The translation of design into doctrinal terms did not make it any easier for novices to learn design. Doctrine is the wrong vehicle for learning design, because it is written to be comprehensible at the eighth grade level on the first scan. Design cannot be learned by reading a 13 page manual. I believe design is best learned in a studio setting, designing for a real world challenge, in the presence of experienced coaches, and supported by a community of practice. The U.S. Army frequently uses doctrine as a tool for behaviour change, but it is a blunt instrument for teaching a subtle craft like design.

Intellectually, SAMS was a great setting to introduce design, but we were always starting behind the 8 ball. Ideally, design would be infused from day one at West Point, and be reinforced along an Army officer’s career. Instead, there is a fair amount of unlearning that has to occur before a mid-career officer can learn design. My experience with Colonels was even more difficult, since they had already achieved career success without design, and so they were on average less open to learning a radically new approach.
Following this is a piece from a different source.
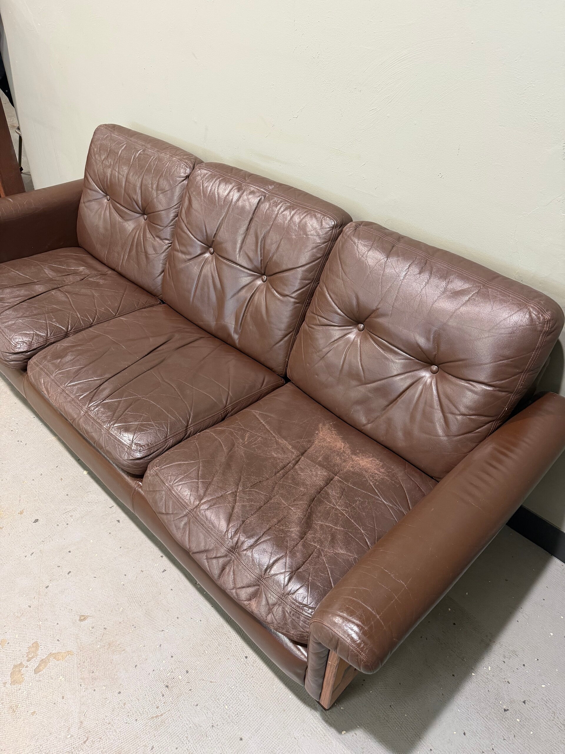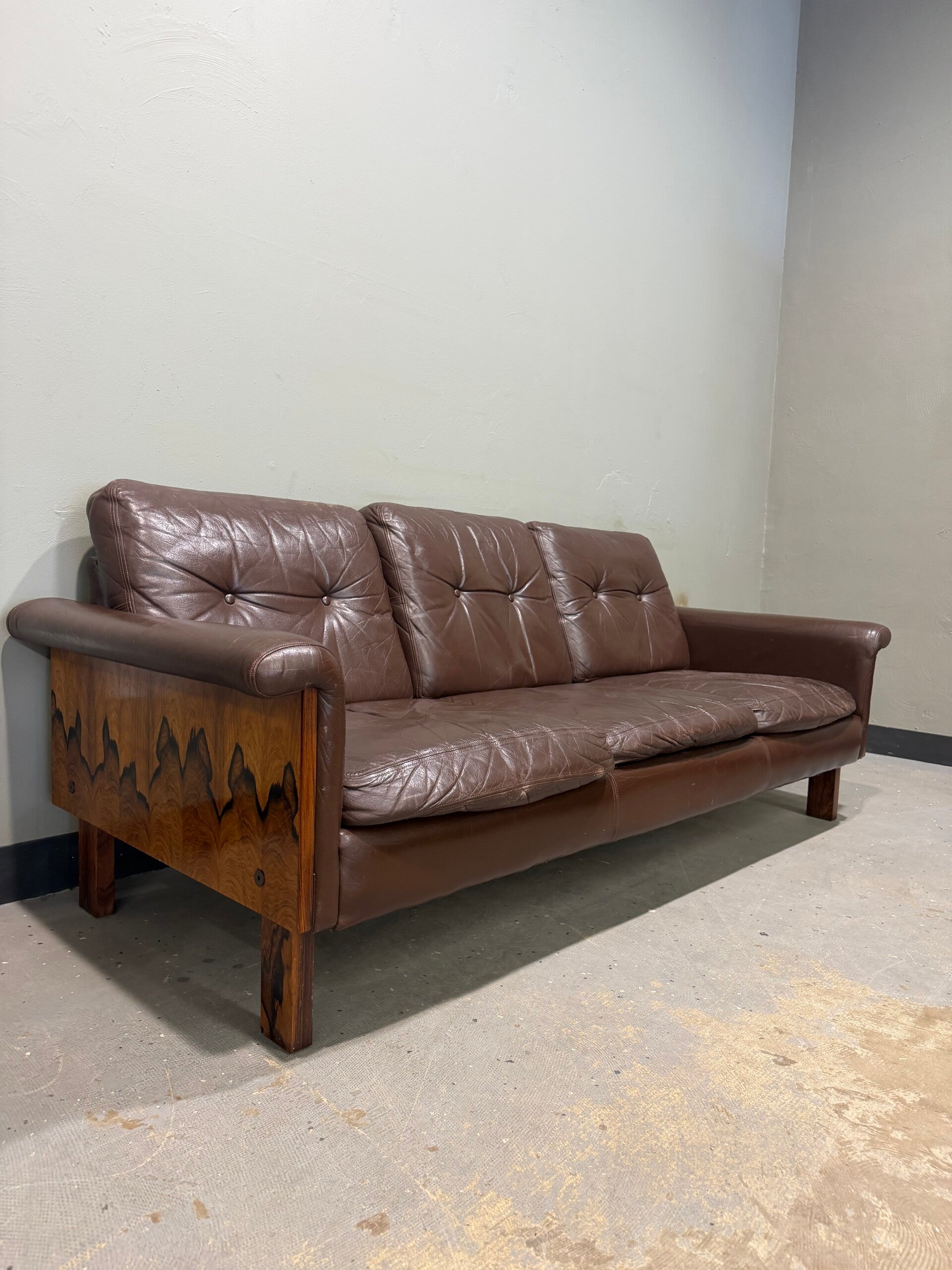 This authentic 1960s Danish Modern 3-seater sofa is a masterpiece of mid-century design, featuring a stunning solid rosewood frame with a rich, expressive grain. Its low-profile, architectural silhouette is complemented by original dark brown upholstery with classic button tufting and a distinguished vintage patina. Supported by sleek, square-profile legs, this sofa offers deep, "sink-in" comfort, making it a sophisticated and timeless focal point for any curated modern living space or executive office.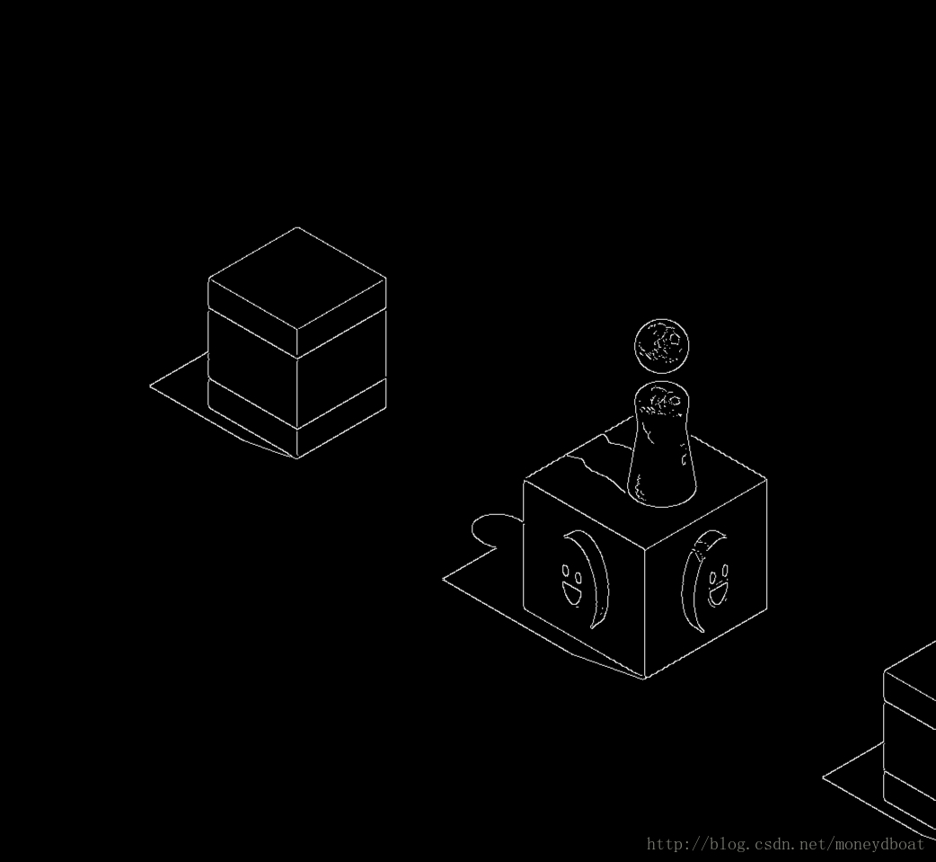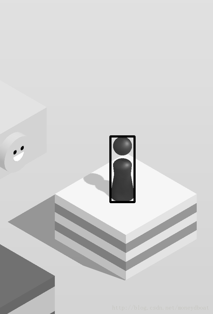 跳一跳的画面很简洁,所以边缘检测的效果很好。检测出边缘后,从上至下扫描图片就能找到下一个物块的大致位置。

For officers who were naturally attracted to design, there were few pathways for them to develop mastery of design. If they were lucky enough to be accepted to SAMS, they would take one course on design. There was nowhere to go after that to further specialize in design, and no active communities of practice. There is a small military “design cabal” mailing list, but only a handful of SAMS graduates are subscribers. Army officers rotate through postings every two years, and career progression moves in the direction of becoming a generalist, not a specialist. There are good reasons for this, but it does make it challenging to build any real depth of knowledge in design in serving officers.
What We Got Right

It is also important to acknowledge the things I think we got right. The way we chose to introduce design: 
Continually experimented and adapted our approach; 
Was reflexive in applying design to the introduction of design; 
Used education as a leverage point for organizational change; 
Used current issues to teach design rather than fabricated scenarios; 
Educated and enlisted advocates from the pool of retired Generals who were mentors to serving Generals; 
Found a “hook” for design by connecting it and integrating it with existing planning processes; and 
Emphasized continuity with military traditions through the use of historical antecedents, rather than promoting the unique differences of design. 
Conclusion

This reflection is provided in the spirit of learning from a valiant effort to make radical change. I am also motivated by a frustration from reading too many success stories that whitewash all of the personal, political and cultural challenges that subvert change efforts. I don’t believe the challenges we encountered in this experience are unique to design. Nor are they unique to the U.S. Army. By discussing them, I hope that others who intend to make radical change can consider some of the barriers before they arise. I am truly grateful for the opportunity I was given to play a small role for a few years in a big and worthwhile change effort that forever changed my own life’s trajectory.